WHAT TO PRODUCE
Go to the line that contains "-닭을 먼저 고추장 양념(반)을 넣고" in the records below and repeat it, and each line after it, exactly through the end, omitting pictures.

[Saved entries]
════
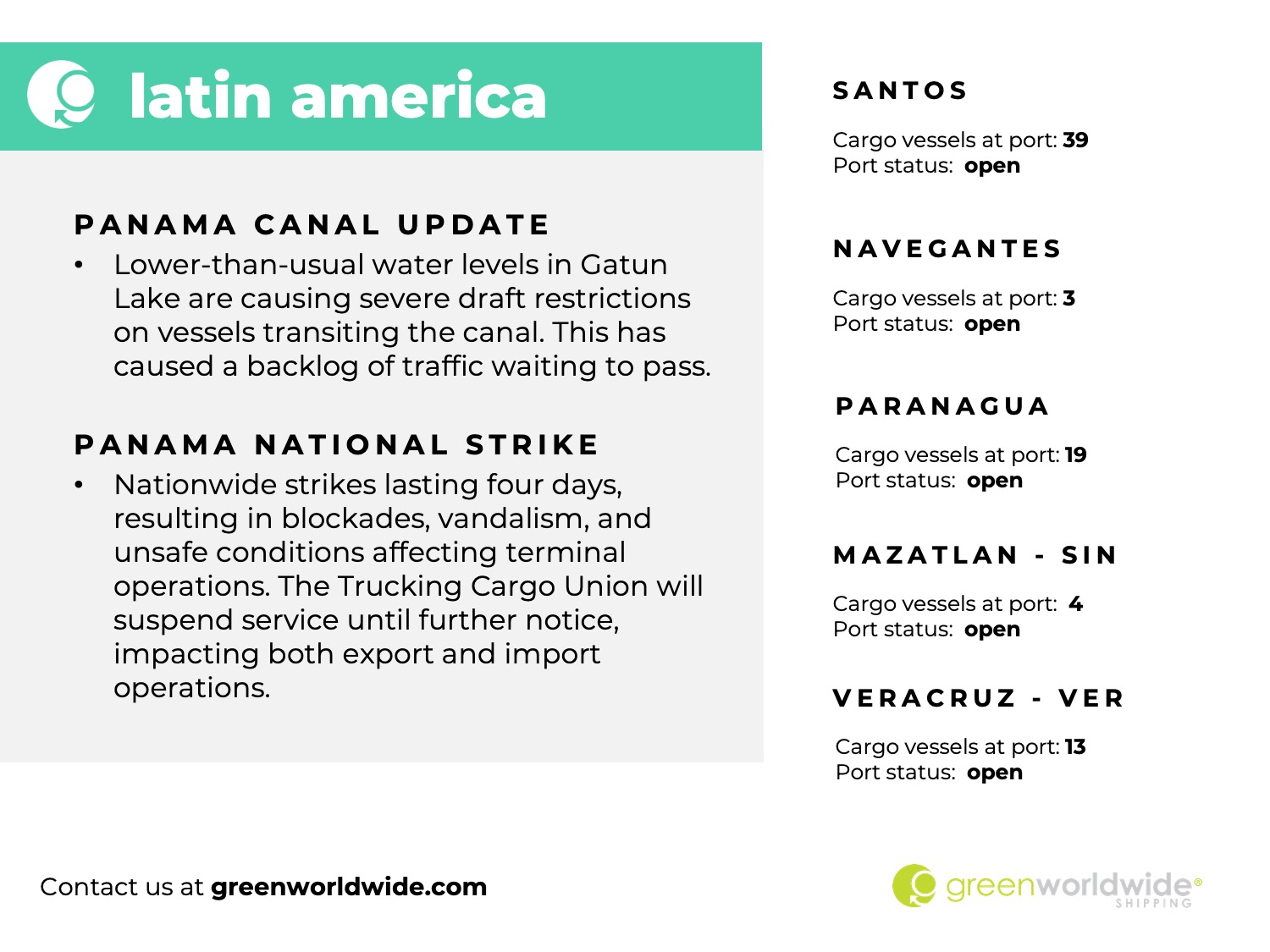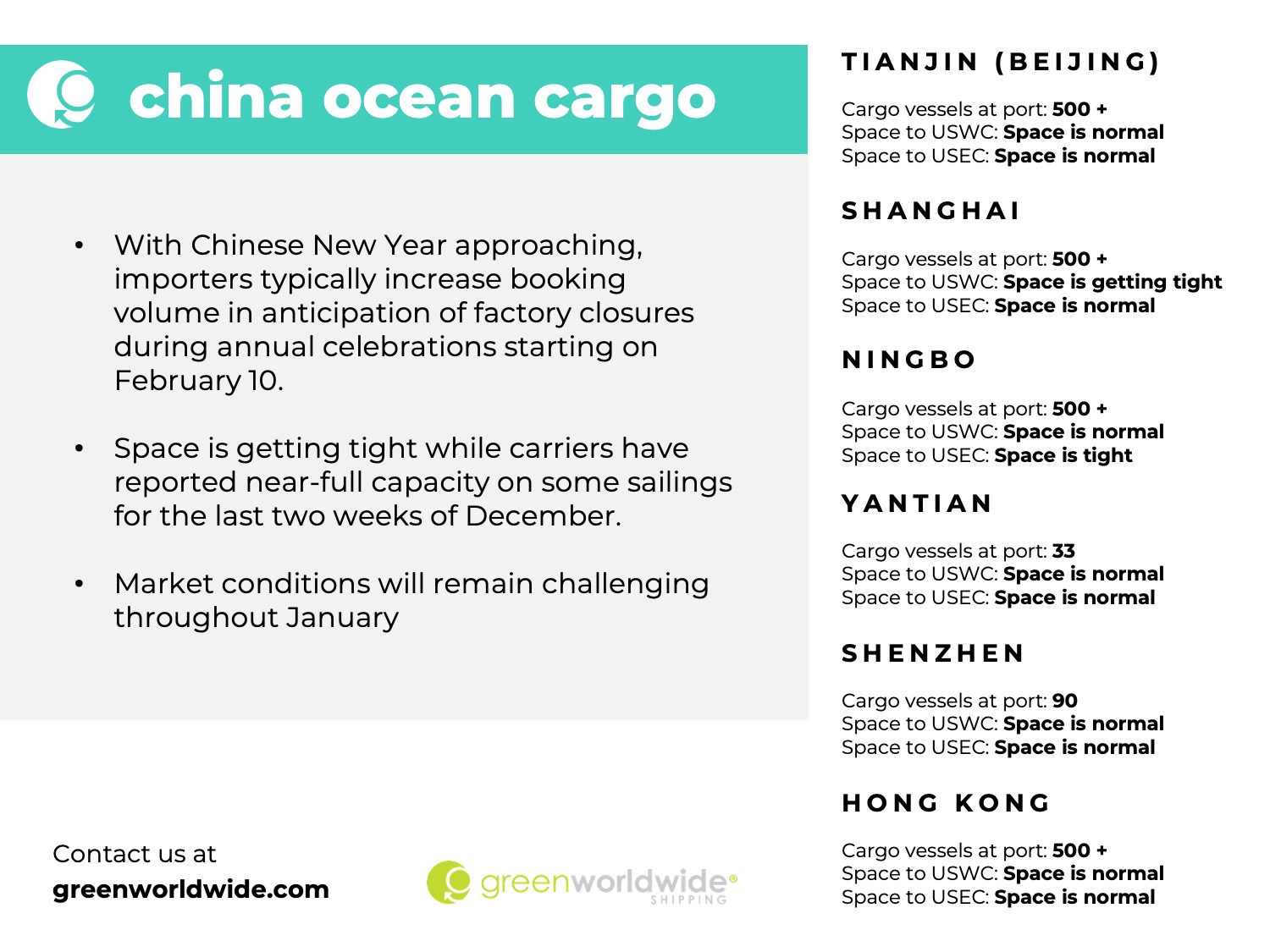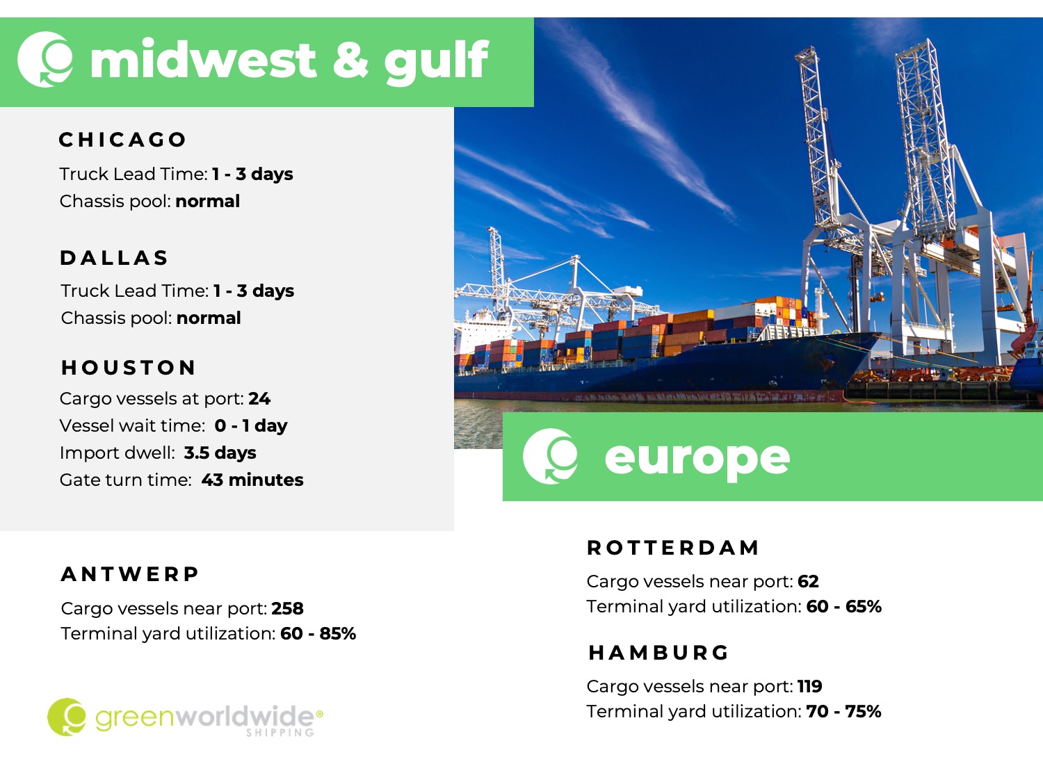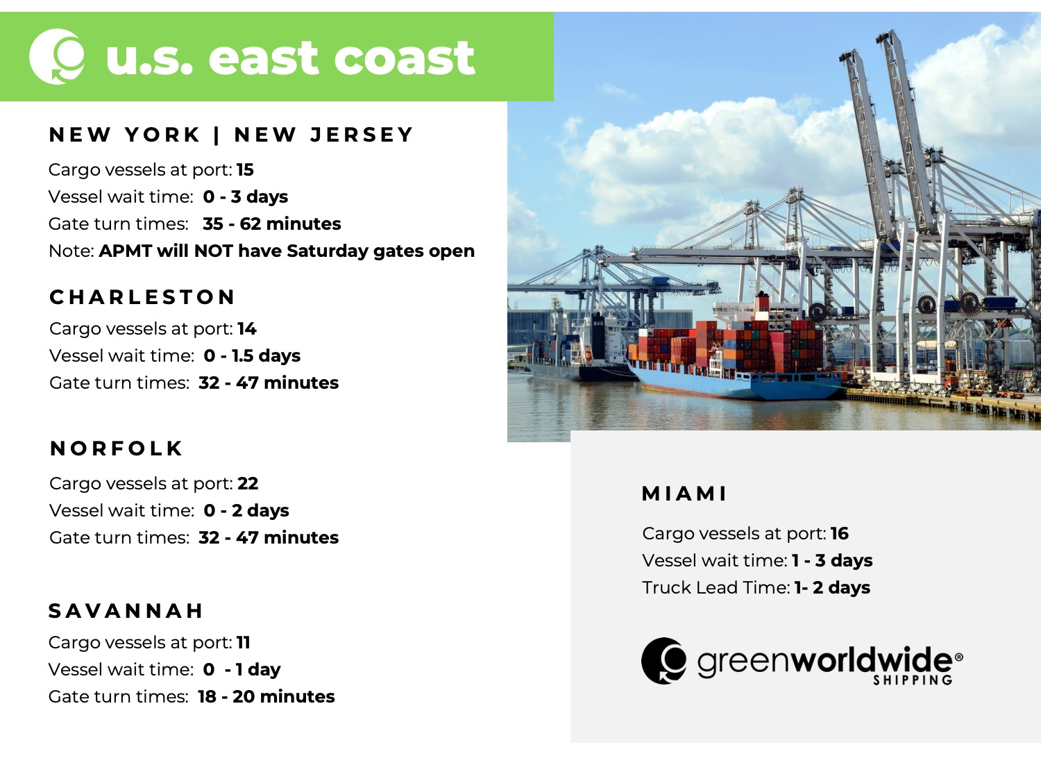 Green Worldwide Shipping’s Freight Market Update covers port information, import and export news, vessel wait time and cargo vessels at major ports & more. For continuous updates, make sure to check out our website at greenworldwide.com.
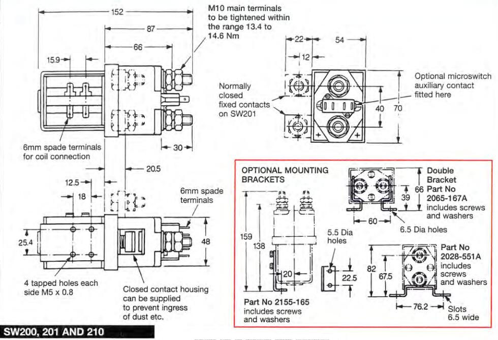 SW201设计用于直流负载,包括用于电动车辆(如工业卡车)的电机。SW201专为中断和不间断负载而开发,适用于切换电阻,电容和电感负载。SW201采用单刀双掷,双断主触头,银合金尖端,耐焊接,耐磨,导电性能优良。SW201具有M10螺柱主端子和6.3mm铲形线圈连接。它可以通过M5螺纹孔或安装支架安装 - 可以提供安装,也可以作为单独的项目安装。安装可以是水平或垂直,垂直时M10接触螺柱应朝上。如果要求是向下定向,我们可以调整接触器以补偿这一点。请注意,常闭触点不适合制造和断开负载。
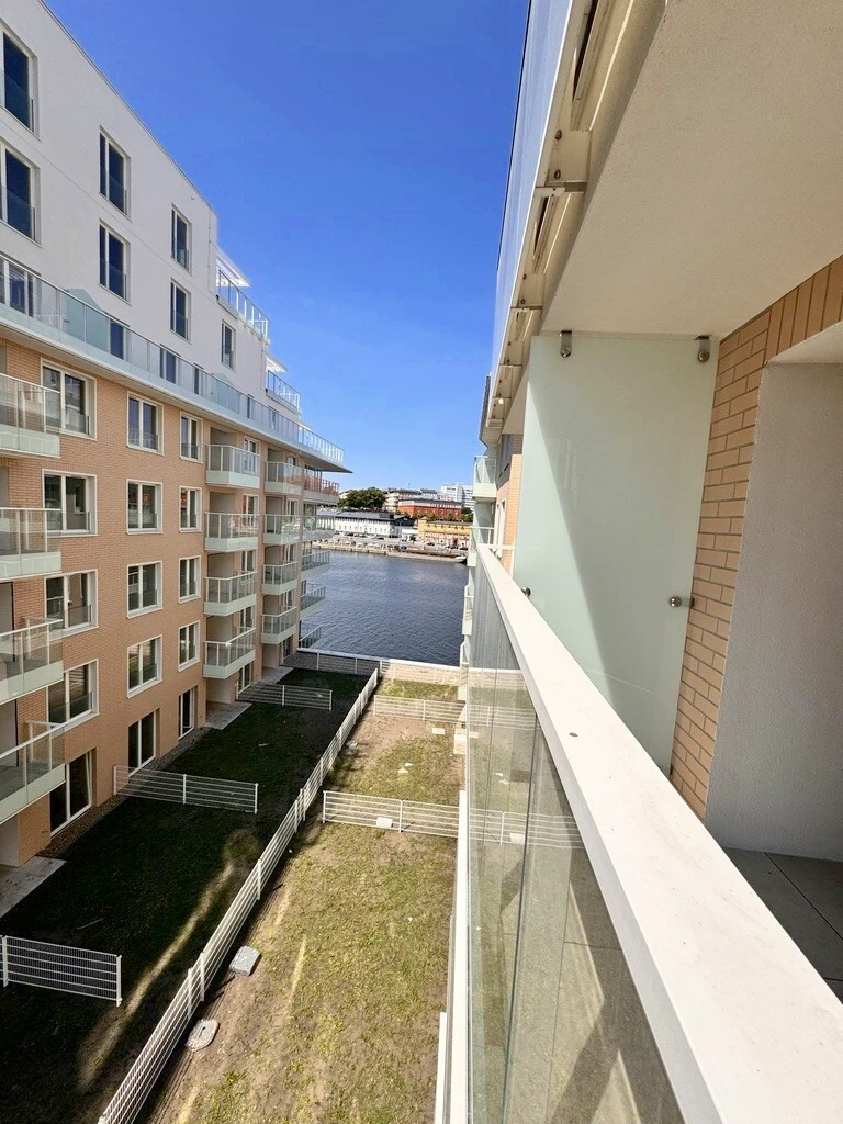 Willkommen in Ihrem neuen Zuhause an der Oder! Dieses moderne Apartment befindet sich im exklusiven Wohnkomplex Nowa Przystań, direkt am Flussufer – wo maritimes Flair auf moderne Architektur trifft.
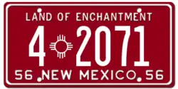 In 1956, the United States, Canada and Mexico came to an agreement with the American Association of Motor Vehicle Administrators, the Automobile Manufacturers Association and the National Safety Council that standardized the size for license plates for vehicles (except those for motorcycles) at 6 inches (15 cm) in height by 12 inches (30 cm) in width, with standardized mounting holes.[1] The 1955 (dated 1956) issue was the first New Mexico license plate that complied with these standards.
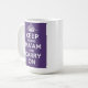 Keep Going Ma’am and Carry On - Queens's Diamond Jubilee Mug. Keep Going Ma’am and Carry On design is a Crown motif notated 1952-2012 with plain text slogan Keep Going Ma’am and Carry On over luxuriant Vintage Royal Purple background. We think this is the best, most succinct Diamond Jubilee design out there. An original design in homage to the ubiquitous 1939 HMSO poster Keep Calm and Carry On. This year we celebrate 60 years since Queen Elizabeth II ascended to the throne in 1952 with a year of celebrations up and down the length of our green and pleasant land focussed on the Diamond Jubilee weekend 2nd to 5th June 2012 and the London 2012 Olympics. Capturing the collective feelings of our island nation and the greater Commonwealth. While others may seek to splinter our United Kingdom we say frustrate their knavish tricks and thank you Ma’am for your dutiful service through thick and thin, far and wide - may this truly be your annus mirabilis. Long may you reign over us - God Save the Queen!
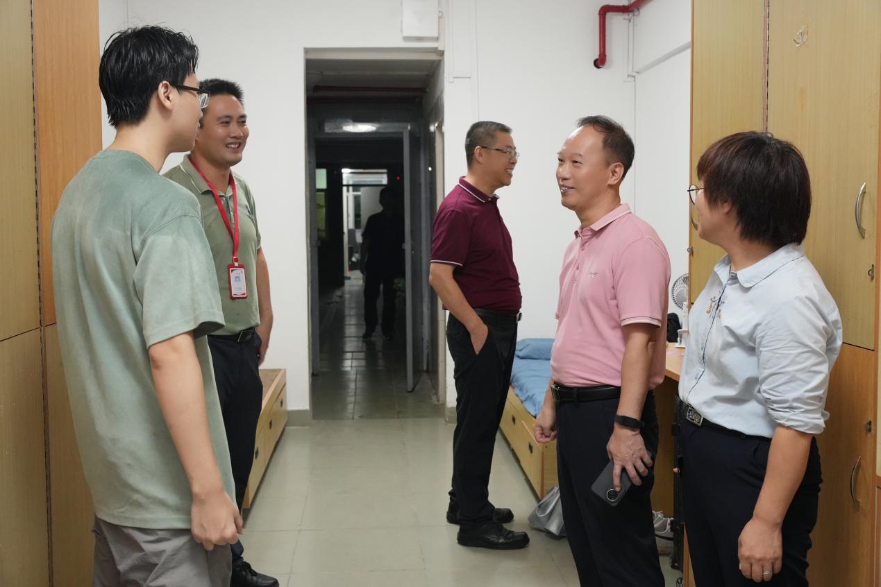 新學(xué)期伊始,為了解新生報(bào)到和入住情況,傳達(dá)學(xué)校對廣大學(xué)子的關(guān)懷與問候,9月6日上午,學(xué)校黨委書記陳良聲、常務(wù)副校長馬俊、副校長陳顯強(qiáng),王洪艷、校長助理葉春桃及相關(guān)職能部門負(fù)責(zé)人走訪校園,深入學(xué)生寢室,走訪慰問學(xué)生,并就相關(guān)工作提出指導(dǎo)意見,確保新學(xué)期各項(xiàng)工作平穩(wěn)有序進(jìn)行。
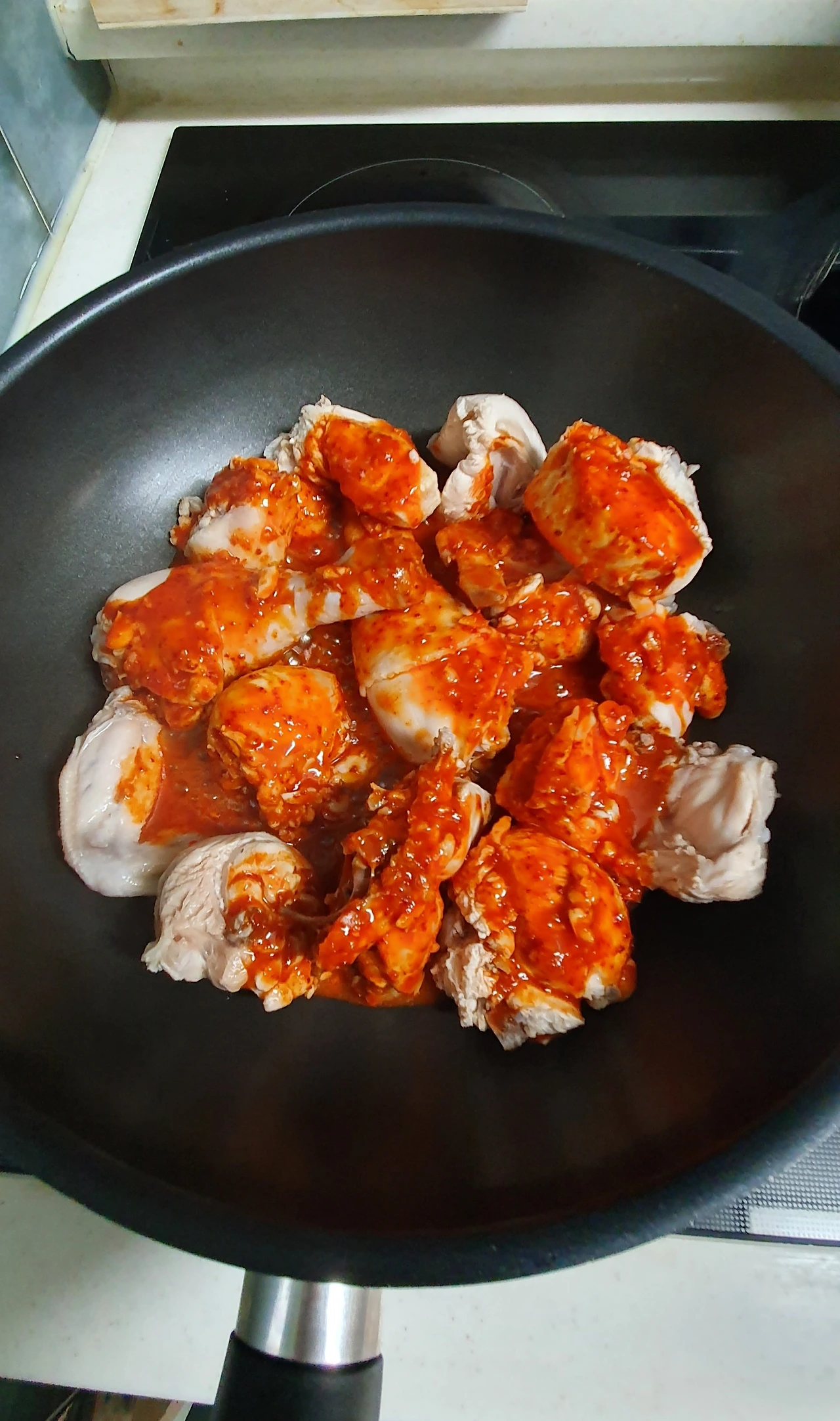 -닭을 먼저 고추장 양념(반)을 넣고
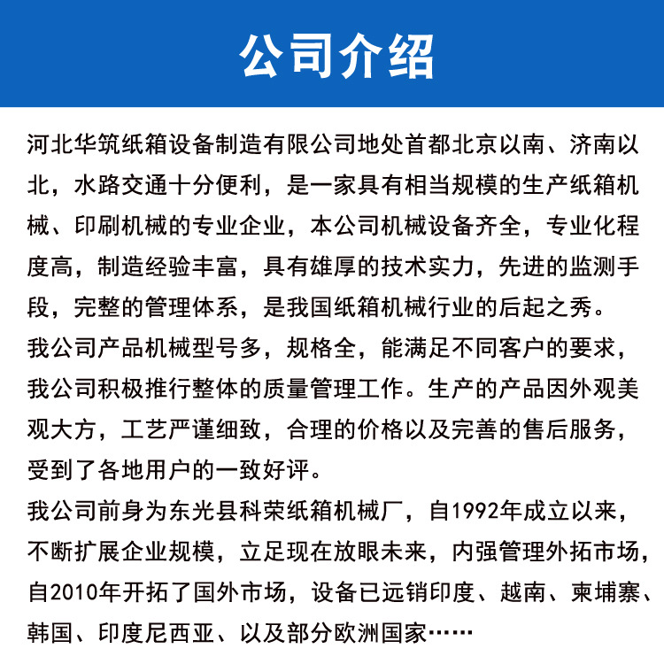 我公司前身為東光縣科榮紙箱機(jī)械廠,自1992年成立以來,不斷擴(kuò)展企業(yè)規(guī)模,立足現(xiàn)在放眼未來,內(nèi)強(qiáng)管理外拓市場,自2010年開拓了國外市場,設(shè)備已遠(yuǎn)銷印度、越南、柬埔寨、韓國、印度尼西亞、以及部分歐洲國家,我公司2018年新注冊公司名為河北華筑紙箱設(shè)備制造有限公司,進(jìn)一步擴(kuò)大了企業(yè)規(guī)模,同時也加大了科研力度,研制出多種新產(chǎn)品類型,獲得“河北省科技型企業(yè)”等10多項(xiàng)企業(yè)榮譽(yù),力求以物美價廉的產(chǎn)品和完備周到的售后服務(wù)真正做到讓客戶買的放心,用的舒心,實(shí)現(xiàn)雙贏多贏,董事長李樹軍歡迎社會各界人事蒞臨指導(dǎo),共創(chuàng)實(shí)體經(jīng)濟(jì)發(fā)展新臺階
════
EXERCISE RESPONSE
 -닭을 먼저 고추장 양념(반)을 넣고
 我公司前身為東光縣科榮紙箱機(jī)械廠,自1992年成立以來,不斷擴(kuò)展企業(yè)規(guī)模,立足現(xiàn)在放眼未來,內(nèi)強(qiáng)管理外拓市場,自2010年開拓了國外市場,設(shè)備已遠(yuǎn)銷印度、越南、柬埔寨、韓國、印度尼西亞、以及部分歐洲國家,我公司2018年新注冊公司名為河北華筑紙箱設(shè)備制造有限公司,進(jìn)一步擴(kuò)大了企業(yè)規(guī)模,同時也加大了科研力度,研制出多種新產(chǎn)品類型,獲得“河北省科技型企業(yè)”等10多項(xiàng)企業(yè)榮譽(yù),力求以物美價廉的產(chǎn)品和完備周到的售后服務(wù)真正做到讓客戶買的放心,用的舒心,實(shí)現(xiàn)雙贏多贏,董事長李樹軍歡迎社會各界人事蒞臨指導(dǎo),共創(chuàng)實(shí)體經(jīng)濟(jì)發(fā)展新臺階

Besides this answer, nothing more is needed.